Anyhow, since the US pulled it's troops, Iran have build many many armed militias, they are all anti Americans and pro Iran, they are stronger than the Iraqi military, they control peoples lives, they kidnap, they bomb, they kill all this while destroying the Iraq economy, people have no jobs, no electricity, no safety, they see their wealth controlled by Iran and corrupt politicians, so they took the street protesting.
Iran have gotten way stronger than they were because they control more and more of Iraq everyday.
the Iraqi protesters didn't choose to leave their country and travel to Europe through the sea, they chose to fix their country and since they started, the Iranian militias been kidnapping them and kill them, then they these militias started attacking military bases.

What would any president do? even if Trump is benefiting from this, its still the right thing to do, and a democratic president would have done the same, its either that or leave Iraq and let Iran to officially take over and get more and more strong.

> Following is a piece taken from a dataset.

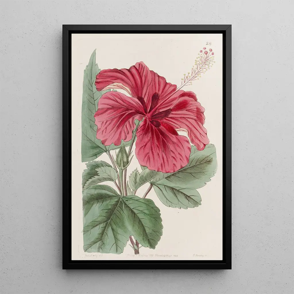 The art print Hibiscus cameronifulgens by Sydenham Edwards is a true ode to nature. With its vibrant petals and shades of red and yellow, this piece captures the very essence of the tropics. The use of gouache technique, applied with finesse, renders the delicate texture of the flowers while adding a fascinating depth to the overall composition. The atmosphere conveyed by this art print is both joyful and soothing, inviting the viewer to immerse themselves in a lush garden where every detail is celebrated.
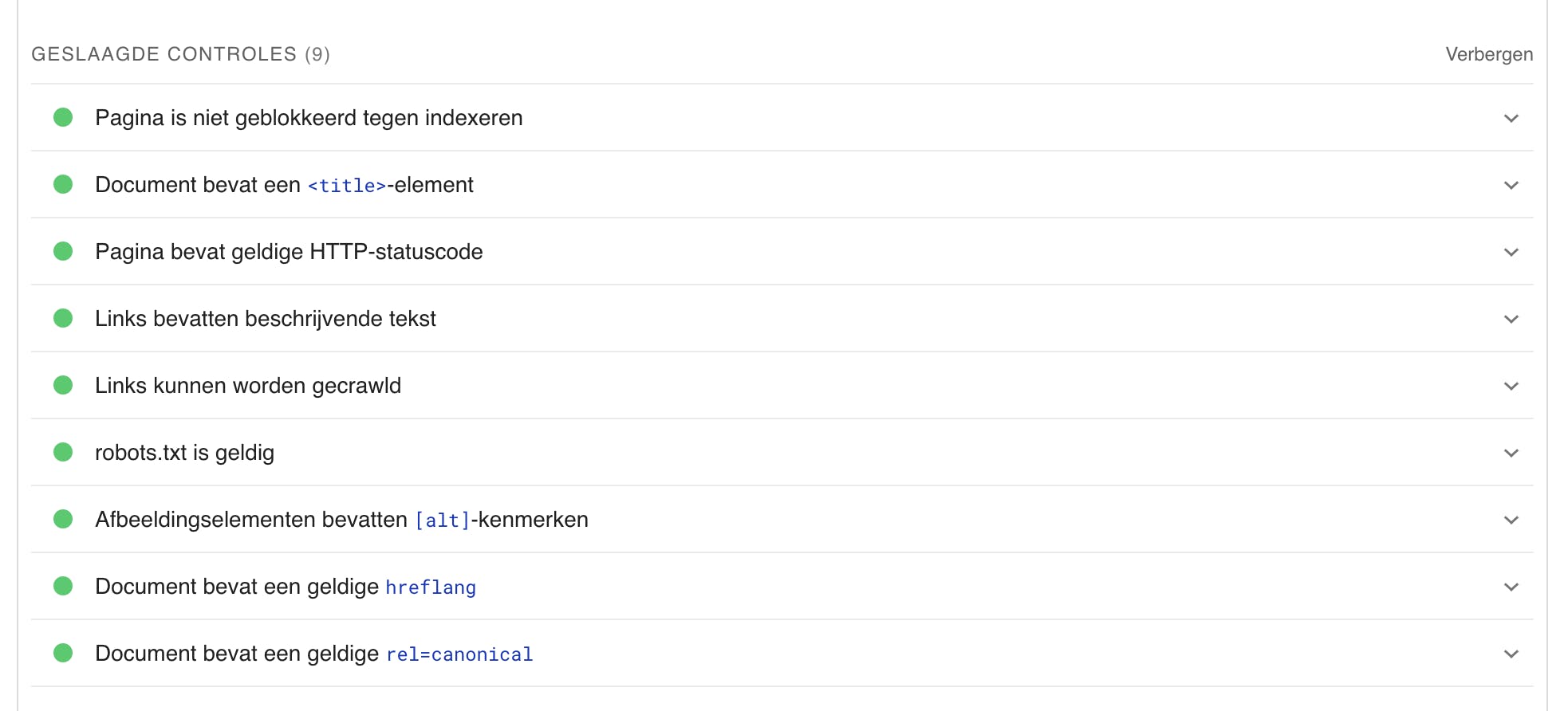 Onder het kopje Toegankelijkheid staat ook een aantal aanbevelingen, waar we nu niet op ingaan, maar die wel de moeite waard zijn even snel te checken. Onder Praktische tips vind je nog zo’n lijst, maar dan met punten die Google belangrijk vindt. Niet zozeer vanwege de snelheid of toegankelijkheid, maar om je website beter te kunnen indexeren. Loop die lijst dus ook even goed door. Hoe meer groene en witte bolletjes, hoe beter.

Trump did the right thing in hitting Iran, I just hope he doesn't leave things half way or undone like Bush and Obama, I loved Obama and voted for him but always criticized his Iraq/foreign policy, and just because I'm not a Trump fan doesn't mean I won't agree with this.

I don't understand the criticism of Obama here. W. invaded the country and removed its government. Since then, unsurprisingly, Iraq's government has been weak and has lacked legitimacy. Obama didn't "give Iran a seat at the table." Iraq is majority Shi'a, and Iran is Shi'a. Iraq's Shia's gave Iran a seat at the table, as was inevitable when W. removed the prior Sunni regime. Also, IIRC, many people criticized Obama for removing troops, but that was the deal the Iraqis gave us. Your friend is saying that Obama should have forced Iraq to do what he wanted instead of having its own government.

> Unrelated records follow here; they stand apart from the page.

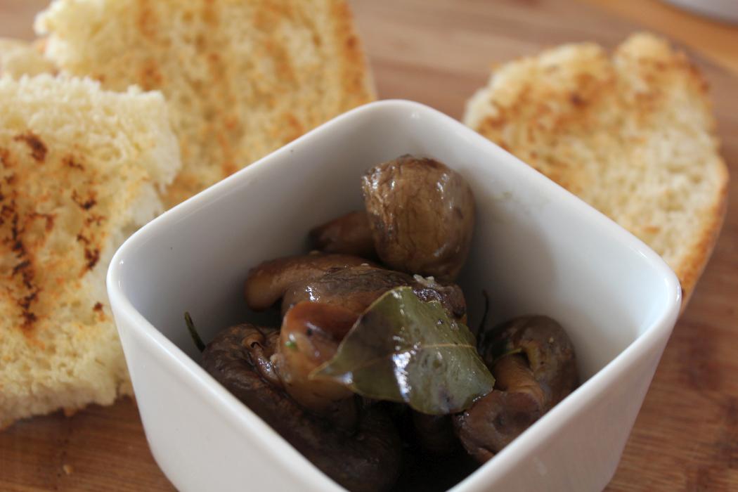 Das ist zusammen wirklich ein Traum, knuspriges Weißbrot und geschmorte Champignons
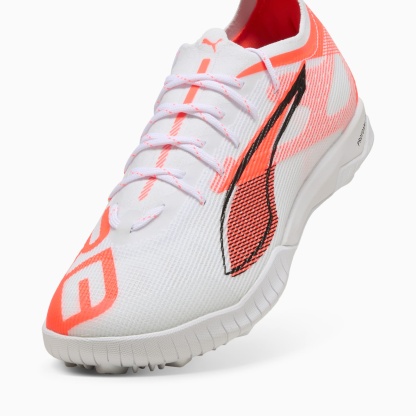 How fast is the ULTRA 5? Fasten your seatbelt. pumthta's newest ULTRA soccer cleats are here. They feature a lightweight mesh upper, PWRTAPE support frame for stability, and GripControl Pro skin for decisive ball command. The low-profile rubber outsole and ProFoam LITE midsole keep you agile on hard surfaces and artificial grass. Play at full throttle.- The upper of the shoe is made with at least 30% recycled materials
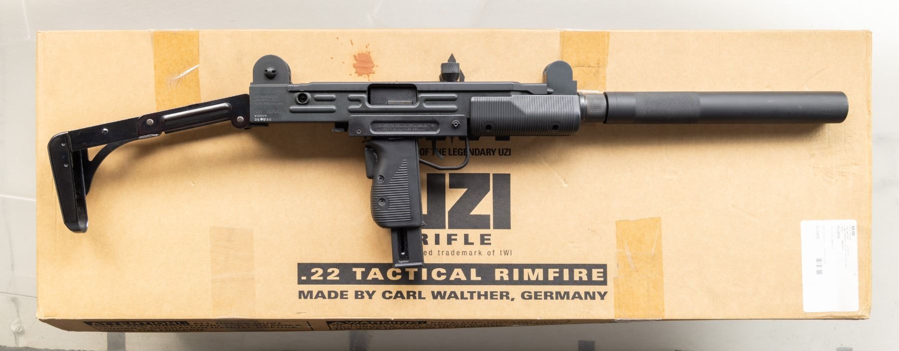 Cal. 22 LR. S# W1004514. Mfg. by Walther Arms in Germany & Imported by Umarex of Fort Smith, AR. Bbl. 17" having a barrel shroud similar to suppressor. Matte black finish. Black composite grip assembly. Folding steel stock. MAGS: 1 -10 rd. UNATTACHED ACCESSORIES: matching factory box & manual. CONDITION: gunsmith attention needed as plastic grip assembly is broken & separating. Near excellent metal & composite finish with light handling marks. Near excellent rifling. (25-5463/MD). MODERN. $200-400.

He is right about the militias and the mess that the country is, but it's hard for me to see what Obama or anyone else could have done with the mess that W. left.

Hank Chinaski 01-03-2020 05:06 PM

Re: Objectively intelligent.
 
Quote:

Originally Posted by Tyrone Slothrop (Post 526818)
I don't understand the criticism of Obama here. W. invaded the country and removed its government. Since then, unsurprisingly, Iraq's government has been weak and has lacked legitimacy. Obama didn't "give Iran a seat at the table." Iraq is majority Shi'a, and Iran is Shi'a. Iraq's Shia's gave Iran a seat at the table, as was inevitable when W. removed the prior Sunni regime. Also, IIRC, many people criticized Obama for removing troops, but that was the deal the Iraqis gave us. Your friend is saying that Obama should have forced Iraq to do what he wanted instead of having its own government.

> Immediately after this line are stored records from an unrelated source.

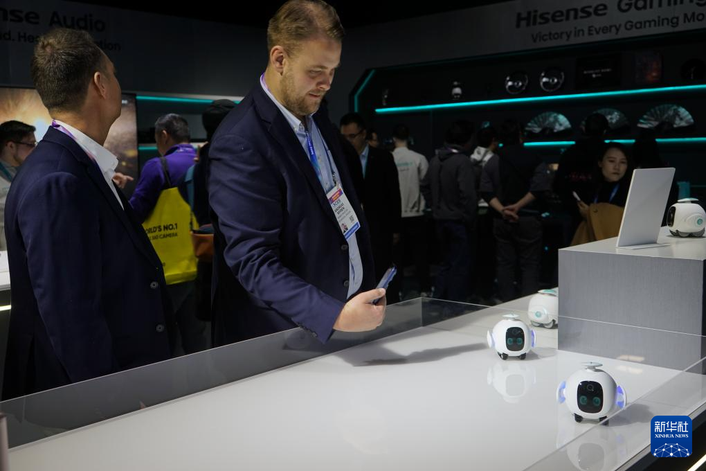1月7日,一名男子在2026年美国拉斯维加斯消费电子展(CES)海信展台观看搭载新一代AI智能识别引擎的陪伴机器人Beta。 新华社发(曾慧摄)
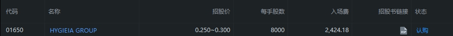 今日可认购新股:$HYGIEIA GROUP(01650.HK)$
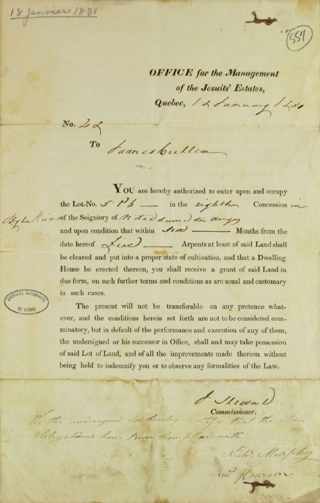 Billet de concession des lots numéro cinq et numéro six dans la huitième concession du Bourg-la-Reine en la seigneurie de Notre-Dame-des-Anges par John Stewart, commissaire responsable de la gestion des biens ayant appartenu à l'ordre des Jésuites, à James Cullen, avec l'obligation pour ledit Cullen d'avoir défriché au moins cinq arpents de ladite terre dans six mois et d'y avoir construit une maison, 18 janvier 1830, Archives nationales à Québec, Fonds Ministère des Terres et Forêts, (03Q,E21,S64,SS5,SSS5,D557).
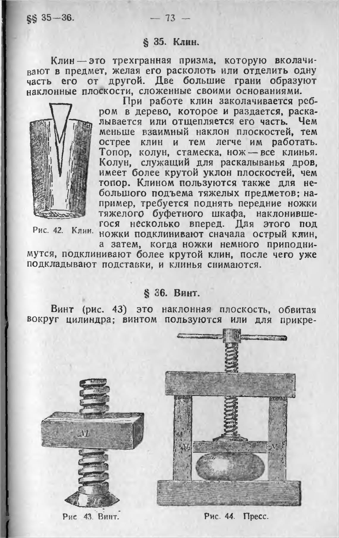 Винт (рис. 43) это наклонная плоскость, обвитая

He is right about the militias and the mess that the country is, but it's hard for me to see what Obama or anyone else could have done with the mess that W. left.

https://themoth.org/stories/leaving-baghdad

I talk to him about Moth Judges, not Iraq politics. But from this post he felt the invasion was good. He feels that Bush waited too long to implement steps that would stabilize the country, but he did near the end of his term. He feels Obama pulled the plug before those steps could gel. He feels Obama should not have let Iran into the government and should have taken more action as Iran grew more powerful within Iraq. He might be a moron or he might really know what he is talking about.

His Facebook has recently been focused on the protests and the kidnapping of all the protesters. He is quite strongly anti-Iran. But I can't answer your questions, just give you the perspective of one person that has a much different view than any of us have.